Overview
- Manufacturer: Chrysler
- Production: 1956 (none, sunk on the SS Andrea Doria)
- Designer: Virgil Exner

Body and chassis
- Class: Full-size
- Body style: 2-door fastback
- Layout: FR layout

Powertrain
- Engine: 331 cu in (5.4 L) FirePower V8
- Transmission: Powerflite automatic

Dimensions
- Wheelbase: 129 in (3,277 mm)
- Length: 227.5 in (5,778 mm)
- Width: 80 in (2,032 mm)
- Height: 57 in (1,448 mm)

= Chrysler Norseman =

1956 concept car

The Chrysler Norseman was a four-seat fastback coupe built in 1956 as a concept car. Although designed by Chrysler's stylists, actual construction was contracted out to the Italian coach-building firm of Carrozzeria Ghia. The concept car was lost during the sinking of the .

==Design==
Virgil Exner, working in Chrysler's Advanced Styling Group, developed lower, sleeker, and more aggressive-looking automobiles for Chrysler in the 1950s. Exner also wanted maximum all-around visibility from the car's interior, and he took the design of the Norseman to the limit. The dream car was named for Exner's ancestry.

The Norseman was designed by the Chrysler Corporation Engineering Division and built by Ghia of Turin, Italy. Ghia had experience in the construction of low-volume vehicles and one-off prototypes. Chrysler wanted a fully drivable vehicle, not just a rolling mockup, so all normal systems for the powertrain, braking, suspension, were installed. Power was from a modified 331 CID Chrysler Hemi engine producing 235 hp with a pushbutton-controlled Powerflite automatic transmission. The body panels on the car were made of aluminum with "a sharply sloping hood, upswept tail fins and a covered, smooth underbody for aerodynamic efficiency." The Norseman combined a "sweeping fastback rear end design and Chrysler's own take on a tailfin and bumper treatment."

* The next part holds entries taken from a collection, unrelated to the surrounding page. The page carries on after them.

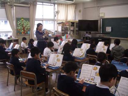 2年生が音楽で鍵盤ハーモニカの練習をしていました。
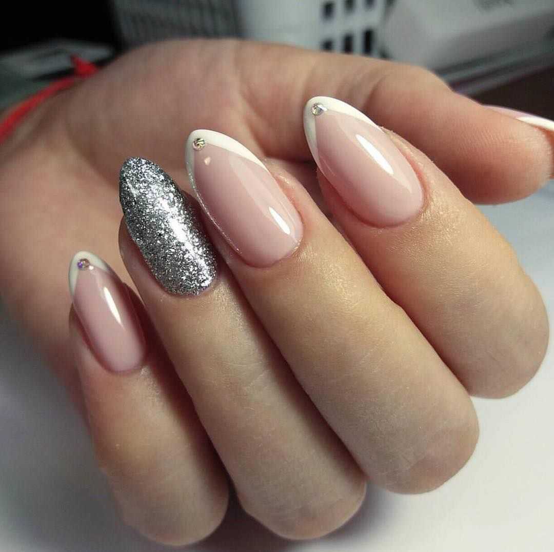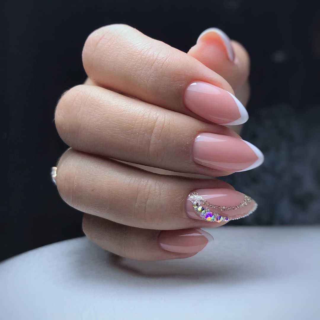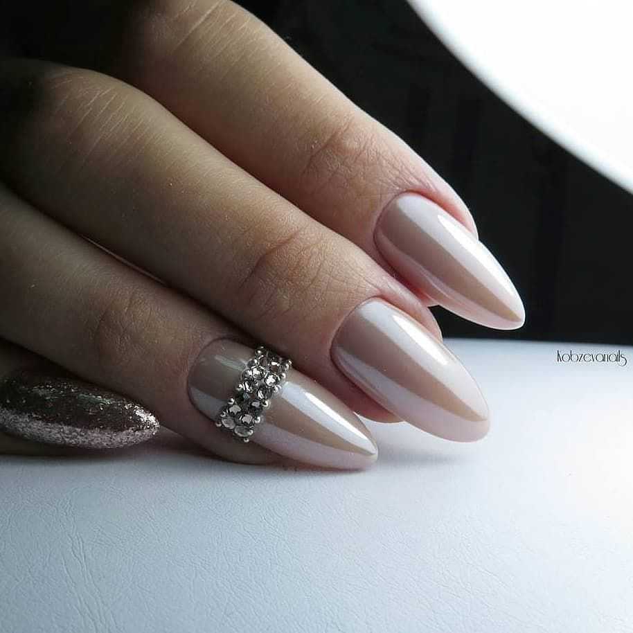 Что касается дизайна миндальных ногтей с нюдовым лаком — не стоит злоупотреблять. Это должны быть незначительные акценты в виде небольшого количества блесток, втирки, рисунка или наклейки.
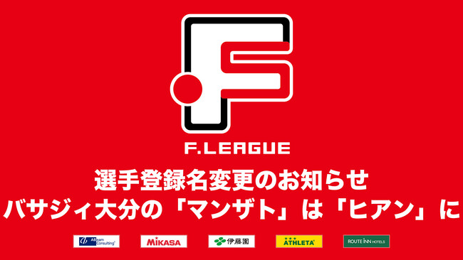 選手登録名変更のお知らせ|バサジィ大分の「マンザト」は「ヒアン」に【Fリーグ2024-2025 ディビジョン1】
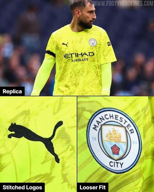 此前多纳鲁马在英超的首秀,曼城3-0击败曼联。多纳鲁马没有穿球员版球衣,而是选择了球迷版。这件球迷版采用了绣制的彪马和曼城队徽,而不是球员版更轻的热压工艺元素,并且更为宽松。
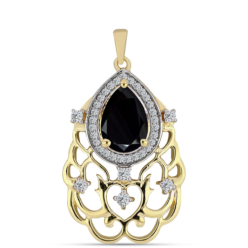 Arannyal Bevont Ezüst Medál Fekete Onixszal és Fehér Topázzal
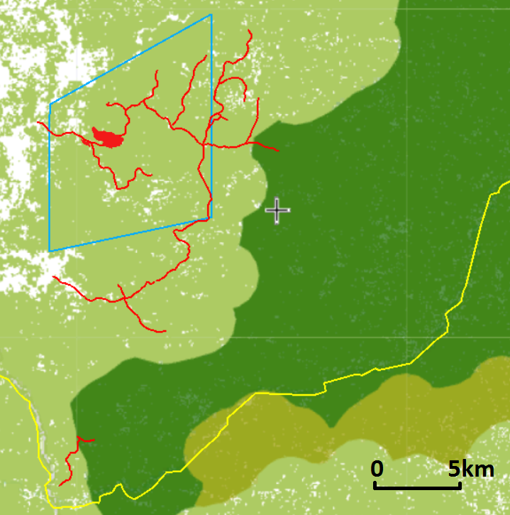 Figure 4: Logging roads (red) cut by Lexus Agric, including outside the boundaries of the company’s 5,000 hectares deforestation permit (blue box), and extending by Jan 2018 into areas of intact forest landscape (dark green)
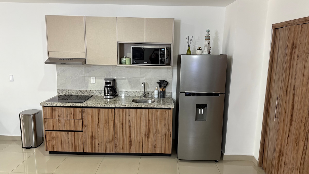 Kick back and relax in this calm, stylish space. A cozy one-bedroom accommodation for two people. It has a Smart TV with Netflix, Disney +, Wi-Fi, free parking, 24/7 hot water, kitchen utensils, refrigerator, gas grill, microwave, drinking water, in a private residential area with 24-hour surveillance. On the third floor in one of the best located and connected areas of the city. Next to supermarkets, restaurants, and shopping malls.
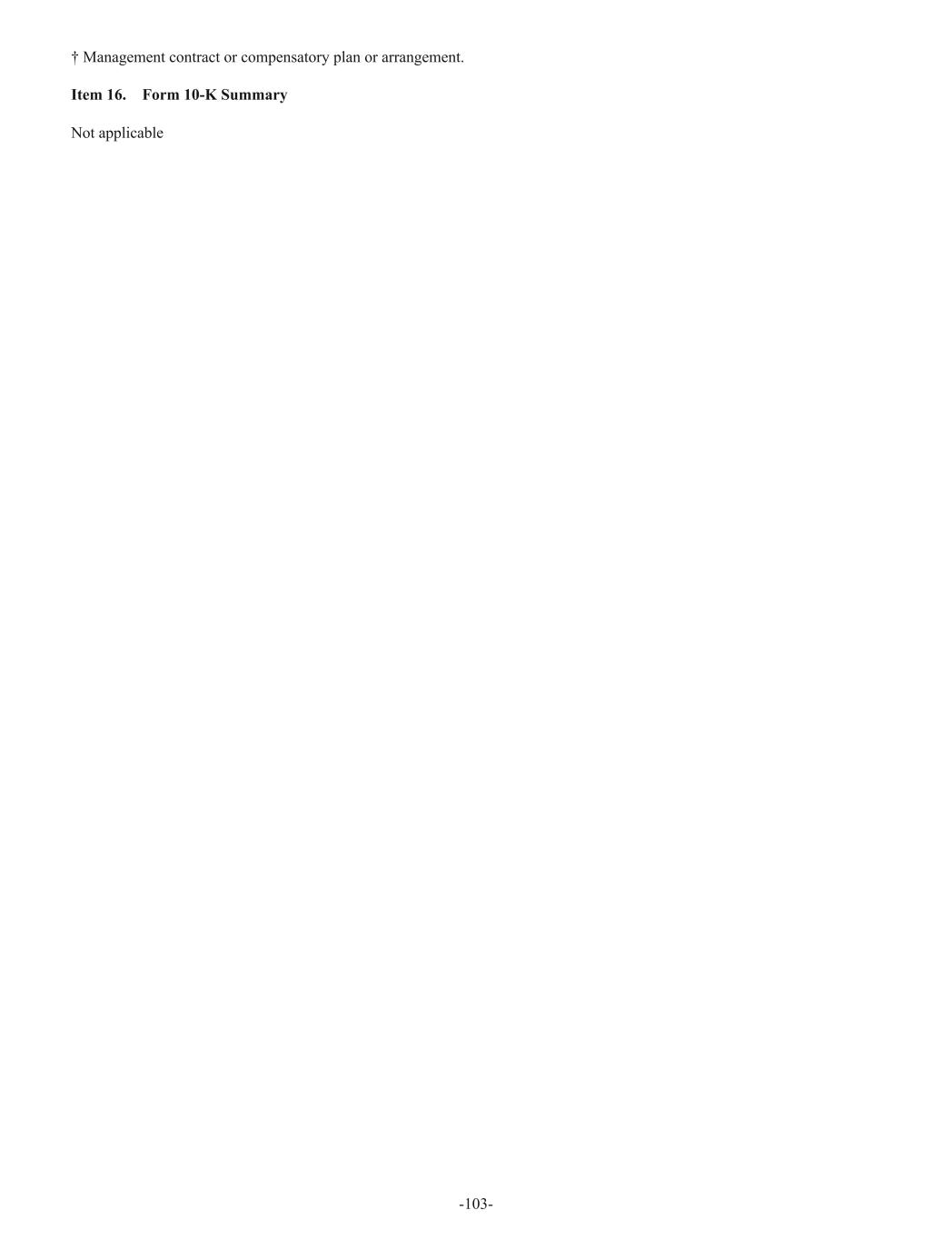 † Management contract or compensatory plan or arrangement. Item 16. Form 10-K Summary Not applicable -103-
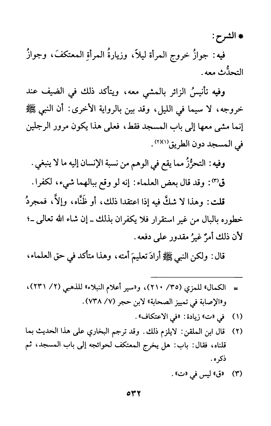 وفيه تأنيسُ الزائر بالمشي معه، ويتأكد ذلك في الضيف عند خروجه، لا سيما في الليل، وقد بين بالرواية الأخرى: أن النبي -صلى اللَّه عليه وسلم- إنما مشى معها إلى باب المسجد فقط، فعلى هذا يكون مرور الرجلين في المسجد دون الطريق (¬1) (¬2).

More difficult to fabricate was its unusual cantilevered roof, which was secured to the body only at the rear C pillars. There were no side pillars, and at the front the roof rested only lightly on a fully frameless windshield. An advanced 12 square foot power sliding glass panel sunroof feature was difficult to integrate into a slender roof structure lacking A-pillar support at the front. The windshield and roof glass was specially made by PPG Industries to provide strength and be shatterproof. The door glass was ventless (having no small vent window at the front), a styling theme that would become popular some fifteen years later. The interior featured four bucket seats and the retractable reel-type seatbelts were mounted in the door and fastened across the occupants to the full-length center console which was later adopted in the early 1990s to satisfy passive restraint regulations enacted by the US Department of Transportation. Other features included concealed automatic headlights, door handles, and concealed trunk lid opening device.

Building the complicated car, with its advanced features, took fifteen months and the car was finally delivered to the freight forwarder. it was estimated to cost US$150,000 (in 1956 dollars). The car missed its intended cargo shipment from Italy and was instead put into a container on the next available ship, the passenger ocean liner SS Andrea Doria.

==Legacy==
The car was to be a featured attraction of Chrysler's auto show exhibit for 1957 and was shipped from Turin by Ghia to New York City in July 1956. The car was shipped on the ocean liner SS Andrea Doria, which was involved in a collision off the coast of Massachusetts and sank, with the loss of fifty-one lives and all cargo.

The Norseman was a "fascinating casualty" of the sinking of the Andrea Doria. As a result, the car was never shown to the public and was never seen by most of the stylists who worked on it. It is known to automotive historians, however, through photographs and specifications. Chrysler never used the cantilevered roof design in any subsequent vehicle.

Automotive designer Dick Teague, who worked for Chrysler as a stylist during the mid-1950s, was responsible for many of American Motors' vehicles and the "Norseman's resemblance to the 1965 Rambler Marlin fastback coupe, or vice versa, was uncanny."

The remains of the Norseman were found in Andrea Doria's number two cargo hold in 1994 by diver David Bright. By the time it was found, it had disintegrated into a pile of debris, with only the wheels still being recognizable.